With objectives in place, I ran a competitor study to see how similar platforms handled these problems. I organized the findings into a structured list and used it as the basis for a working session with the client to define what made the MVP cut.

Problems I set out to solve

  1. Complex operations that needed to feel simple. The workflows are inherently complicated — the interface couldn't be.
  2. A team with very different user types. Project managers, support staff, and field crews use the platform differently and need different things from it.
  3. A disconnected estimate → job → invoice flow. In most tools, these are three separate processes. They shouldn't be.
  4. Scheduling that mirrors reality. Recurring jobs, blocked hours, crew availability — all needed to be handled without making managers fight the system.
  5. A visual language that signals trust, not noise. This is a tool people use for hours a day to run their livelihood. It needed to feel calm and professional.

Design approach

After defining the style direction, I moved into high-fidelity design feature by feature. We ran weekly client reviews where I presented progress, gathered feedback, and iterated — typically through about three rounds per feature before it landed in a state everyone was confident in.

Key design decisions

A calm visual language, against initial instinct

The client's first instinct was a bright, attention-grabbing palette. I pushed back and proposed a calmer direction — softer colors, restrained typography, lots of breathing room — because this is a tool people would live in for hours, not a marketing surface that needs to grab them. The client agreed, and the calmer palette became the foundation.

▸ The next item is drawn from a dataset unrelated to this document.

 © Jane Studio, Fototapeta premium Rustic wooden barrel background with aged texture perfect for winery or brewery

Two style directions, one decisive choice

Rather than presenting one option and hoping for approval, I designed two distinct style directions and built both on a dashboard layout — the dashboard shows fragments of multiple sections, so the client could see how each style would feel across the whole product before committing. It made the decision faster and more confident.

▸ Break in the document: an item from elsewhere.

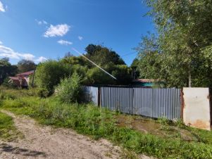 Земельный участок огорожен профнастилом, распашные ворота. На территории имеются хозпостройки.

A single thread from estimate to invoice

The most meaningful design work was on the estimate-to-job-to-invoice flow. Instead of treating these as three separate tools, I designed them as one continuous workflow — an estimate becomes a job with a click, and a completed job becomes an invoice with the work already itemized. This is the system the client now treats as a core differentiator.

Crew management built around real schedules

I designed the crew tools around how these teams actually operate — managers can mark availability, block non-working hours, and schedule recurring jobs with specific dates and times, rather than fighting a calendar built for office workers.

Timesheets that work for both sides

Crew members log hours and view their own timesheets in a simple, mobile-friendly view. Managers see those records in an aggregated view where they can review and approve. Same underlying data, two interfaces tuned for two very different jobs.

Integrated chat to keep work in one place

Communication between staff and clients lives inside the platform rather than scattered across SMS and email, so the context around a job stays attached to the job itself.

What shipped

  • Service provider profile and business setup
  • Project creation and tracking with pre-configured estimates including materials and services
  • Crew management with availability, scheduling, and recurring jobs
  • Time tracking with crew-facing timesheets and manager approval flow
  • Integrated platform chat for clients and staff
  • Estimate → job → invoice conversion as a connected workflow
  • Services and products catalog

What I took away from this project

The biggest lesson was about the trade-off between simplicity and complexity. In a product like this, you can't always make things simple — what you can do is make complex things intuitive. That distinction shaped how I approached every feature. I also leveled up significantly on dense operational design — recurring schedules, timesheet hierarchies, multi-stage workflows — the kind of problems that don't fit neatly on a single screen. And working in a team of designers, with weekly stakeholder reviews, sharpened how I present work, defend decisions, and translate feedback into iterations that actually move the design forward.